Una vita in costume popolare di Szék, a Cluj.
Una delle caratteristiche di Cluj è che a volte è possibile vedere per le strade persone vestite con costumi nazionali, non solo nei giorni festivi, ma anche nella mattinata media dei giorni feriali, ad esempio. Al mercato, in chiesa, nei centri commerciali, nella piazza principale e anche sulle terrazze dei ristoranti. Anche se ogni giorno alcuni anziani che si sono stabiliti dai villaggi circostanti indossano ancora i loro costumi nazionali, i turisti guardano con gli occhi spalancati la 75enne Klára Fülöp (nata Zsoldos) sfilare davanti alla statua del re Mátyás giovedì mattina nel suo abbigliamento sézki misurato, pulito e ben stirato. , che invitiamo a fare una passeggiata.
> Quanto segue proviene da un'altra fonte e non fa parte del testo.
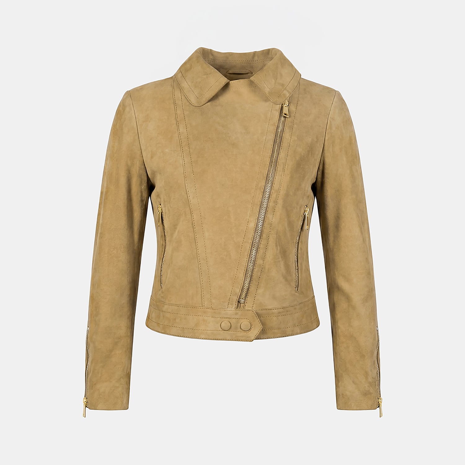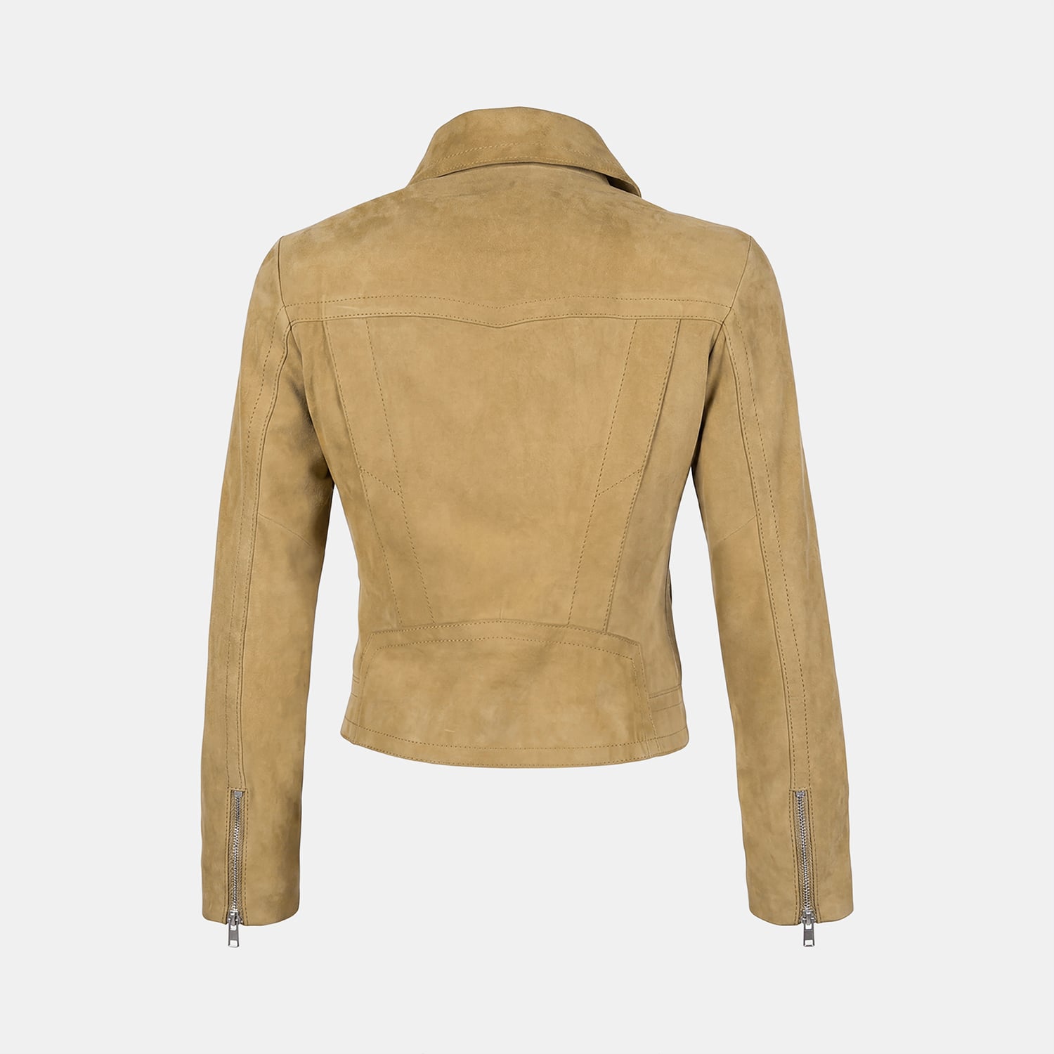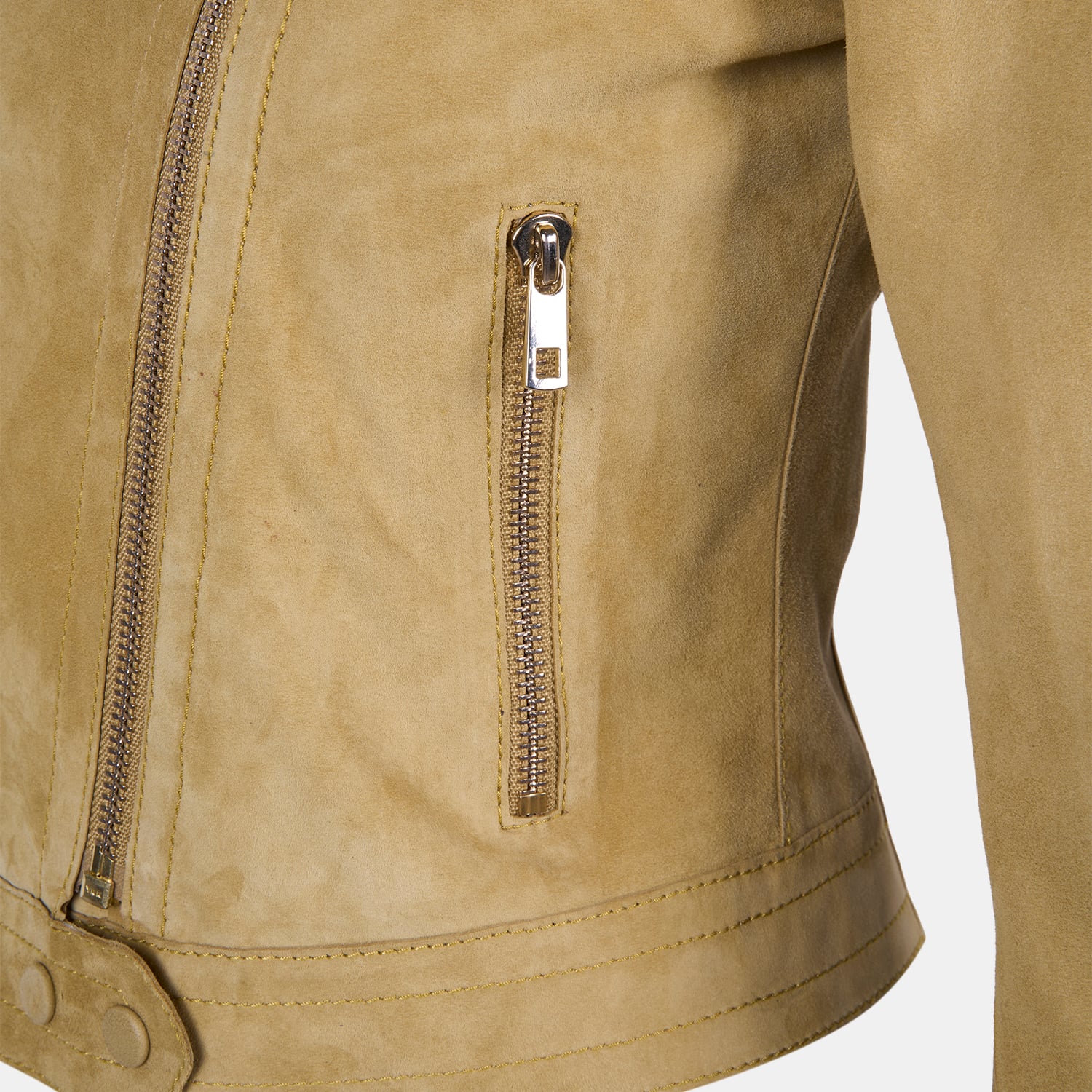 Önde yer alan fermuarlı cepler ve kollardaki fermuar detayları, süet biker ceket tasarımını hem işlevsel hem estetik hale getirir.

Secondo lui, non ha mai rinunciato alla sua identità, è successo solo una volta che si è vestito da "nazista" per una riunione dei genitori, ma si è sentito a disagio senza i suoi vestiti. A quel tempo decise che, nonostante la grande città, avrebbe vissuto la sua vita da Szekler e avrebbe mantenuto non solo il suo costume nazionale, ma anche alcune delle sue usanze. C'è stato un tempo in cui allevava 3 maiali nella città del tesoro, faceva l'allevamento dopo il lavoro e coltivava un orto per poterlo vendere al mercato. Non si è trasferito per “moda”, ma perché i suoi figli potessero studiare.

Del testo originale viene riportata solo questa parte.